Last week, I complained that Eva Moskowitz and other reformers weren’t being fair when they described schools as “persistently failing” because they didn’t get many of their students to the ambitious levels built into the Common Core. This is how I concluded:
The move to higher standards means that we need to recalibrate our rhetoric and, more importantly, our approach to school accountability. In the low-standards days, it was perfectly legitimate to call out schools that couldn’t get all or most of their students to minimal levels of literacy and numeracy. It simply doesn’t work to similarly defame schools that don’t get all of their students “on track for college and career.” It’s a much higher bar and a much longer road.

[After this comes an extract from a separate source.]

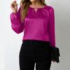Women's Long Sleeve Shirt Loose Satin Top Embossed Lace R-neck Silk Lined Top
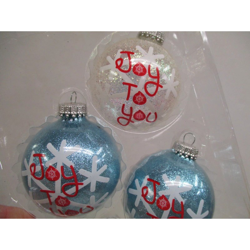 Krebs Christmas by Krebs Blue & White Glitter Glass Ornaments ~4pc New in Box

But reform critics aren’t any better when it comes to playing games with the new standards. Diane Ravitch and Valerie Strauss, for example, continue to peddle the notion that the Common Core is developmentally inappropriate because it expects all students to be able to read simple passages by the end of kindergarten. Perhaps without knowing it, they’re making the same mistake as Moskowitz and others: misunderstanding the standards’ aspirational nature.

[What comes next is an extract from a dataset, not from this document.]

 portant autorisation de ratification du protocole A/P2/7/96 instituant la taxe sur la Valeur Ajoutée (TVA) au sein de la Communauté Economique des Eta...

The core problem is the assumption that, by simply setting standards, policymakers expect “all students” to meet them. That might have been the case in the past, when we set the standards bar at an extremely low level—and yes, it was signaled by NCLB’s crazy declaration that all children would be “proficient” by 2014. But it certainly should not be the case now, or for the foreseeable future.

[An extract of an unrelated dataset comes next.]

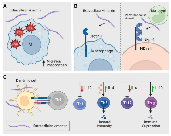 细胞外VIM的存在诱导ROS的产生,这是M1型巨噬细胞的特征。同时,细胞VIM增强其吞噬和迁移能力。膜结合或细胞外的Vimentin可作为潜在危险相关分子模式(DAMP)发挥作用,与巨噬细胞或癌细胞上的Dectin-1和NK细胞上的NKp46结合。细胞外波形蛋白减少了IL-12和IL-6的产生,因此抑制了T细胞向Th1或Th17表型的分化。相反,刺激IL-10的产生,增强调节性T细胞(Tregs)的分化。

Here’s what the Common Core is designed to communicate: If your children are meeting the standards, it means they are believed to be on track for college and career readiness by the end of high school—real readiness, the kind that doesn’t require remediation on campus. If they aren’t meeting the standards, it means that they are off track. That doesn’t mean they are “failing,” or even “below average.” But it does mean they need to accelerate their progress if they are likely to be able to take bona fide college courses upon entry or have the best possible shot at a well-paying job.
It’s like learning that your child’s body mass index (BMI) is above the healthy range. If you want him or her to have a long and healthy life, you need to work at bringing it down over time in a proven and safe way. (If below the healthy range, of course, that means bringing it up, and not just with ice cream.)
The BMI isn’t perfect. It doesn’t measure everything that is important about health, or even healthy weight. And it is adjusted over time as researchers learn more. Nor would anyone in public health expect all American kids to attain a BMI in the healthy range anytime soon, if ever. But we do hope to see the population moving in that direction—and there’s ample cause for concern when (as today) so many are moving in the opposite direction.
So to Ravitch and Strauss I say: Please stop claiming that the standards expect “all” students to read by the end of kindergarten. It’s wrong. The standards are simply meant to indicate to parents and educators that kids are “off track” if they haven’t met that milestone yet. It’s a warning light, not a death sentence. Thankfully, kindergartners have plenty of time to catch up. Let’s focus on smart instructional strategies to help them get there.